Sunday, March 16, 2014

Lean In: Women, Work, and the Will to Lead



Lean In: Women, Work, and the Will to Lead, by Sheryl Sandberg

Every woman needs to read this book. Sandberg, chief operating officer of Facebook, admits that she didn't
always call herself a feminist. Like many other women of her generation (a bit younger than me), she thought that feminism was not necessary any more because we'd achieved equality. Then she learned how naive she was.

Sandberg has been broadly criticized for being blind to her own privilege, but I didn't find this to be true. She repeatedly says that not everyone has had the advantages she has (including a nanny to care for her children, and a supportive husband). She does have privilege and a very different perspective than blue-collar single moms, but she owns up to that. She has a different perspective than lower-income, less-educated women, but she's writing from her own experience, and many of her lessons apply to us all. It's especially hard for these women to "lean in," but the wisdom and inspiration in the book can help them too.

Sandberg tackles the systemic issues of sexism and backs them up with personal stories and research.

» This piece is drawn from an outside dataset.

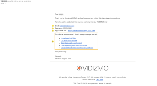 12. When the deployment is successful, you will receive an email from VIDIZMO. This e-mail will have;
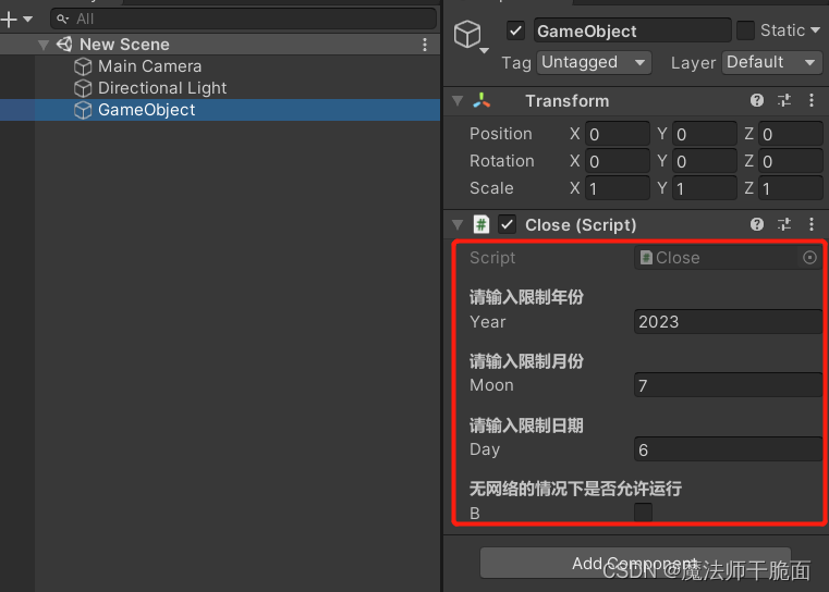 该文章介绍了一种方法,通过在Unity中创建一个脚本来判断设备是否联网,并获取网络时间来限制项目的使用日期。如果超过设定的日期或设备未联网,项目会自动退出。代码示例展示了如何实现这一功能,包括检查网络连接、获取网络时间等步骤。此外,还讨论了可以扩展限制方式,如限制使用次数等。

The personal stories were fascinating...such as going to financial offices where they'd never had a woman ask to use a bathroom, or discovering--on a corporate jet--that her children had lice, or revealing the fact that she was brought to tears and comforted once by Mark Zuckerberg, who gave her a hug (and she was then criticized for that!). 

Here's just a bit of the compelling research I noted in the book, which is packed full of footnotes:
  • In the last decade, child care costs have risen twice as fast as the median income of families with children.
  • When the Harvard Business School surveyed alumni, they found that 91% of the men's graduates were employed, while only 81% of the women graduates from the early 2000s were employed, and only 49% of those who graduated in the early 1990s were working full-time. Highly educated women drop out of the workforce in droves, contributing to the leadership gender gap.
  • 40% of employed  moms lack sick days and vacation, and 50% of them are unable to take time to care for a sick child.
  • Only 1/2 of employed moms receive maternity leave pay.
This morning I heard on NPR that women make closer salaries to men's when they first start working after college graduation, but the income gap spreads as the years go on. This study explains.

Sandberg's also been accused of blaming women, but I didn't find that either. She issues a challenge for all of us to lean in, to rise to the challenge, to be confident in ourselves and the choices we make, and strive for greater equality in the workplace and in our broader culture at large. 

She also calls on men to lean in and calls out the stereotypes they face if they choose to stay home with the kids. She says that men need to speak up, set new pathways, and demand paternity leave. She quotes Gloria Steinem, "Now we know that women can do what men can do, but we don't know that men can do what women can do."  The revolution will happen one family at a time...younger generations appear to be more eager to be real partners in parenting.

One of the new Getty images from the "Lean In Collection"
She clarifies that "doing it all" is a myth. Women have to make choices, but Sandberg hopes that women will stay in the workforce. In fact, women who work outside the home spend more time with their kids today than our moms did in the 1960s and 1970s. An employed mom spends about the same time on primary child care as a non-employed mom in 1975.

Since I finished the book, Sandberg has been in the news again with her great work with Getty Images to create positive images of women in stock photos (the "Lean In Collection"), and for her "Ban Bossy" campaign in partnership with the Girl Scouts.



”When a girl tries to lead, she is often labelled bossy. Boys are seldom called bossy because a boy taking the role of a boss does not surprise or offend. As someone who was called this for much of my childhood, I know that it is not a compliment. The stories of my childhood bossiness are told (and retold) with great amusement.“

So yes, Sandberg might be a privileged, educated, white woman, but she is doing good work...necessary and overdue work, prompting women and men to look at our status quo and realize that many things are not right. She is using her position to advance the cause of women in the workplace and society, and this is to be applauded.